Dataset entries —
━━━━━━━━━━━━━━━━━━━━

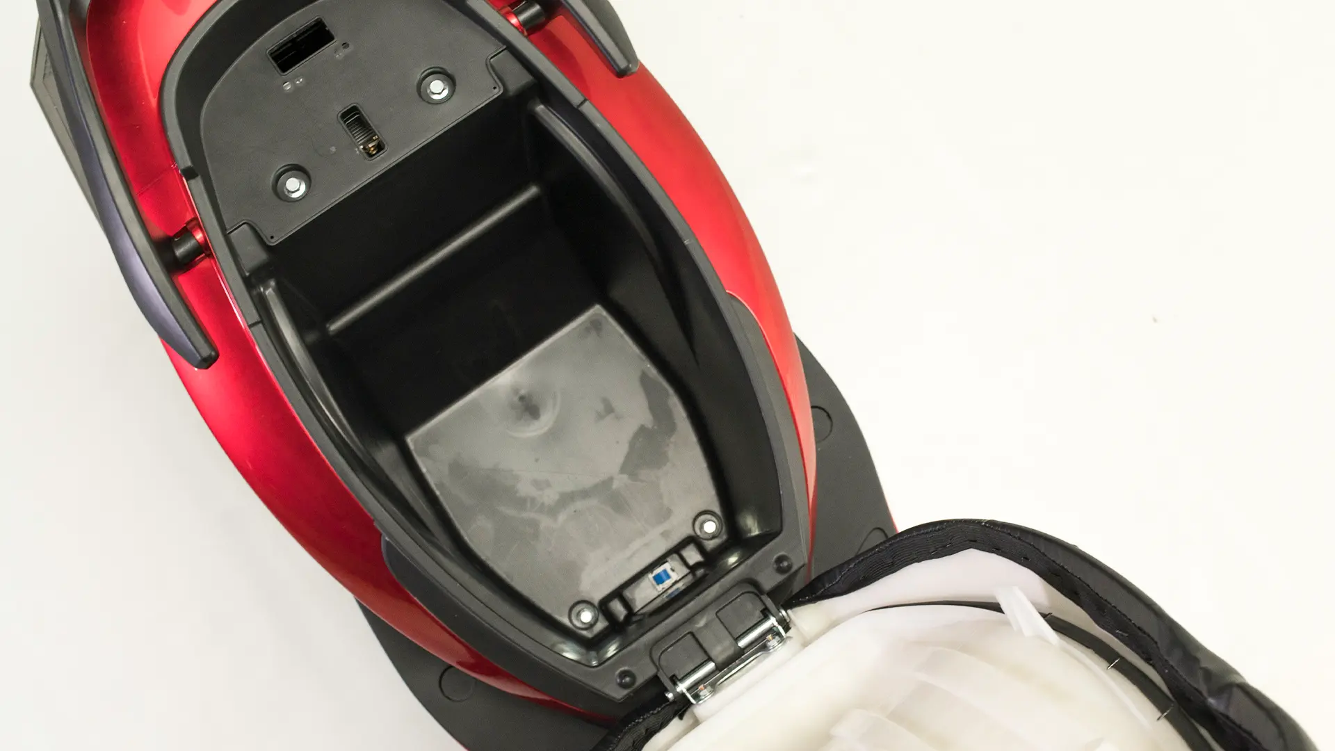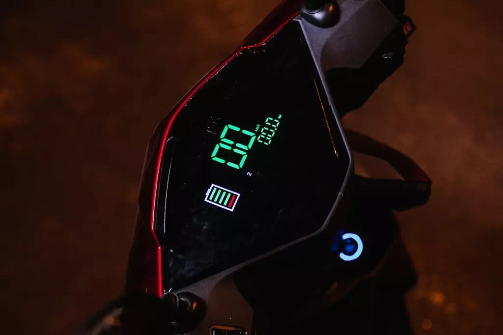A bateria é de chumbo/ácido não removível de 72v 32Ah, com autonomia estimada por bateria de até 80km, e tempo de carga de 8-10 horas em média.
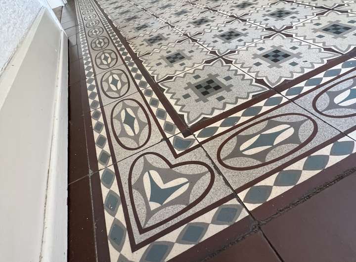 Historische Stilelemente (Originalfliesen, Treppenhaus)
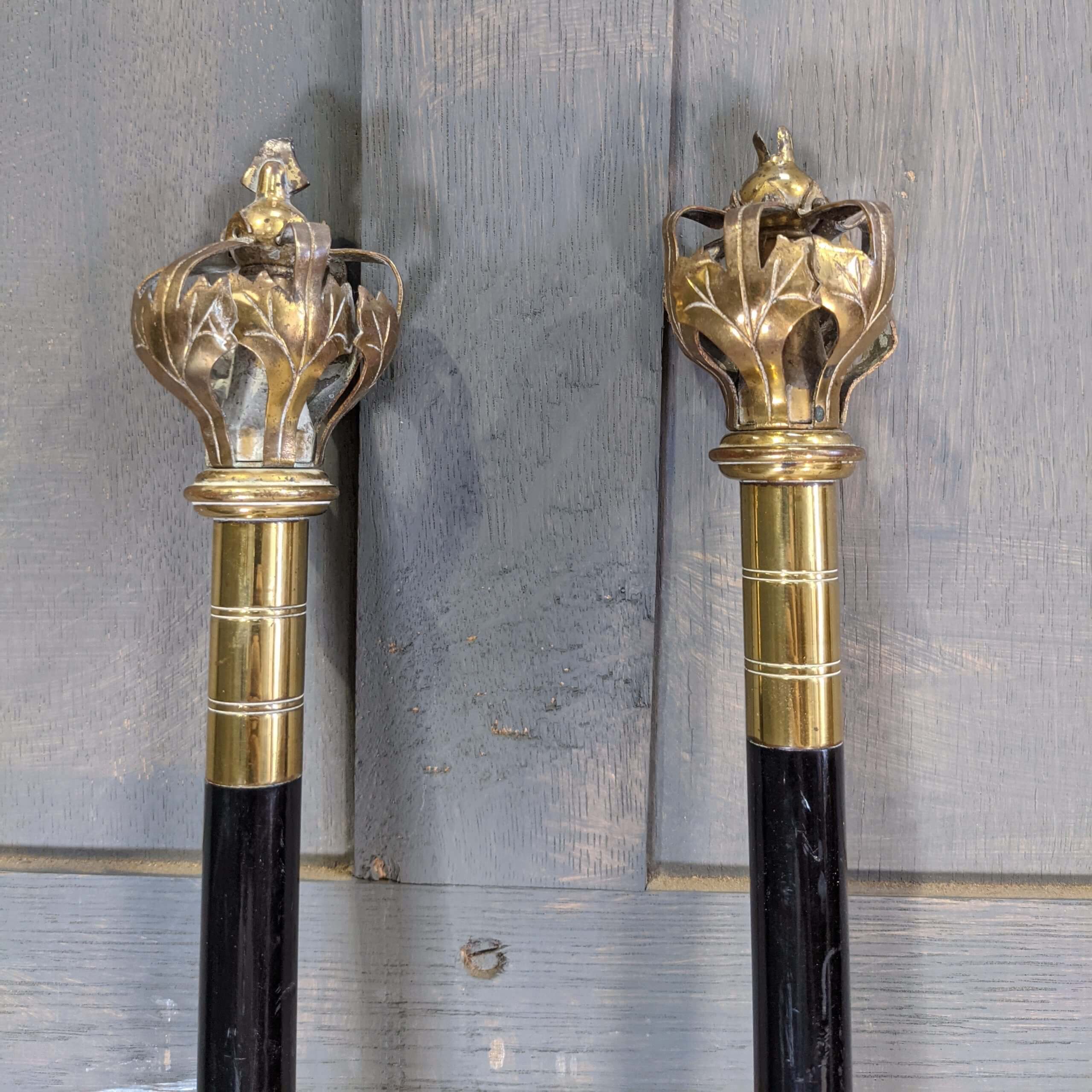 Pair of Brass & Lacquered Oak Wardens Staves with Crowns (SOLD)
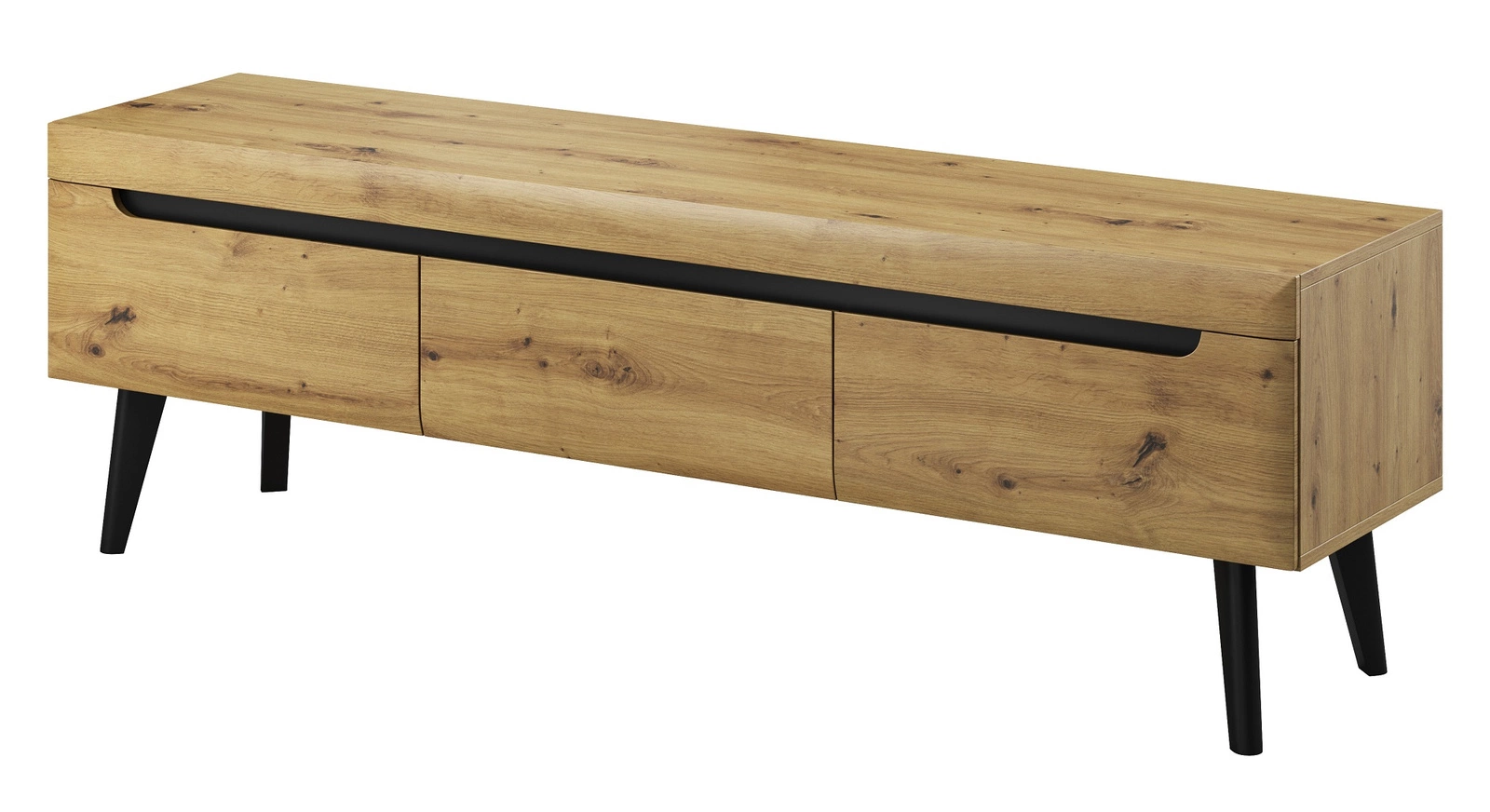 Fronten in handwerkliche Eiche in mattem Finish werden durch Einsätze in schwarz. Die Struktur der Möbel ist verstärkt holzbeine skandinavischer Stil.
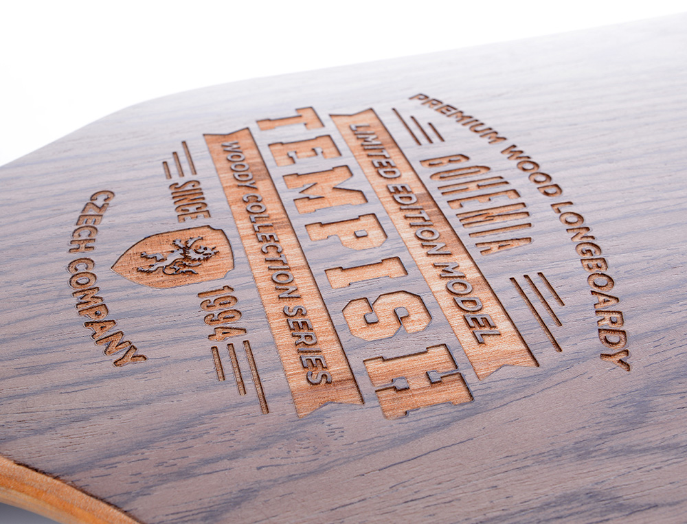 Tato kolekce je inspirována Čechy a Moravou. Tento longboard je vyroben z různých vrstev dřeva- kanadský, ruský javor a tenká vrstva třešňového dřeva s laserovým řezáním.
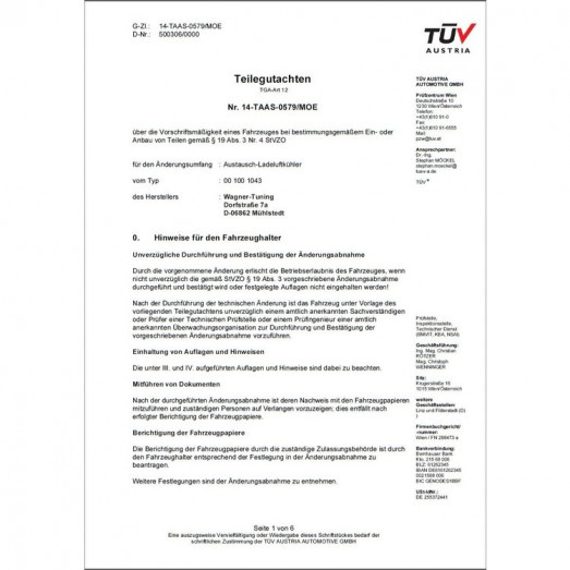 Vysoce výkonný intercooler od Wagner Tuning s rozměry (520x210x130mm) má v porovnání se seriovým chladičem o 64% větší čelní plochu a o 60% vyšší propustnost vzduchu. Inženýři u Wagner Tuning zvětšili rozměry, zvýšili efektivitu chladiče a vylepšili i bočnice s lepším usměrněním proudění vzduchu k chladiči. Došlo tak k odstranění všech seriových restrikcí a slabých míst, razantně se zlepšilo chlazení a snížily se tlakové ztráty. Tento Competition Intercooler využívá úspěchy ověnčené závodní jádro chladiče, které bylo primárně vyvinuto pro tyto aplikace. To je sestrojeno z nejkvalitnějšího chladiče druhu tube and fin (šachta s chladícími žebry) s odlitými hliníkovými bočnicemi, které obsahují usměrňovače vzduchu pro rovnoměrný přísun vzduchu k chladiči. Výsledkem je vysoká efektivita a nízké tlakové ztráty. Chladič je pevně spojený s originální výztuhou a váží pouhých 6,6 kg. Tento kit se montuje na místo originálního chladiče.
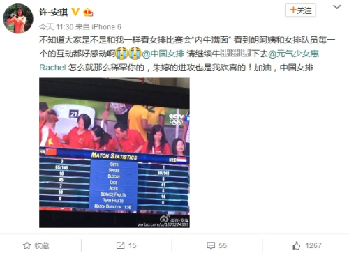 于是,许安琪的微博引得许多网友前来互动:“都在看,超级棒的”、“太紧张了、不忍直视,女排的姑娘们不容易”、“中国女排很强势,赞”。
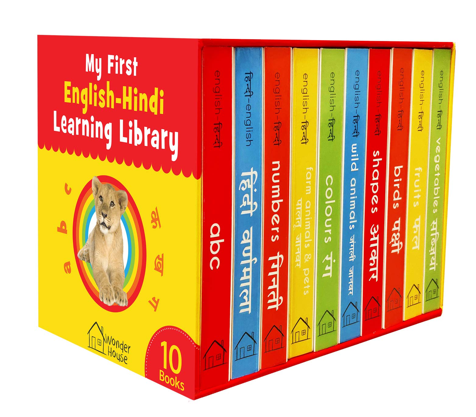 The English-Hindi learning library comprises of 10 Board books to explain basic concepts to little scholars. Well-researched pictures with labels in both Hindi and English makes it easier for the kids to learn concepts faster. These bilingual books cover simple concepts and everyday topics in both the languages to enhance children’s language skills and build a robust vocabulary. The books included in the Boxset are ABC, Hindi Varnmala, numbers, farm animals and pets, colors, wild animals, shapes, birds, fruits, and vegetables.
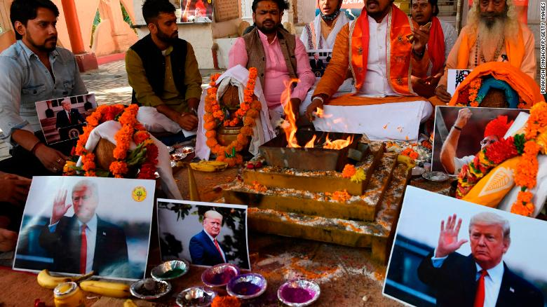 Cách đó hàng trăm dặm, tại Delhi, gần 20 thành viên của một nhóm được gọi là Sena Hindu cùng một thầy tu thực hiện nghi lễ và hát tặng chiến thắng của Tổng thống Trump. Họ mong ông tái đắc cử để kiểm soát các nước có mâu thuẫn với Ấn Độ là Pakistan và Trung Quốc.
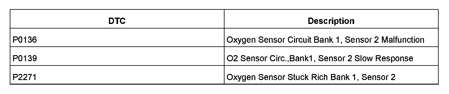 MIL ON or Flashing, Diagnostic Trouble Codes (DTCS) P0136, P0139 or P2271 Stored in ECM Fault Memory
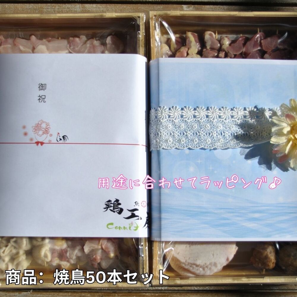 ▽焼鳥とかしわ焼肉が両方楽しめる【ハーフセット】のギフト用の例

━━━━━━━━━━━━━━━━━━━━

TASK — Could you copy, exactly and with no pictures, each line from the first one above to the line holding "Pair of Brass"?

OUTPUT —
A bateria é de chumbo/ácido não removível de 72v 32Ah, com autonomia estimada por bateria de até 80km, e tempo de carga de 8-10 horas em média.
 Historische Stilelemente (Originalfliesen, Treppenhaus)
 Pair of Brass & Lacquered Oak Wardens Staves with Crowns (SOLD)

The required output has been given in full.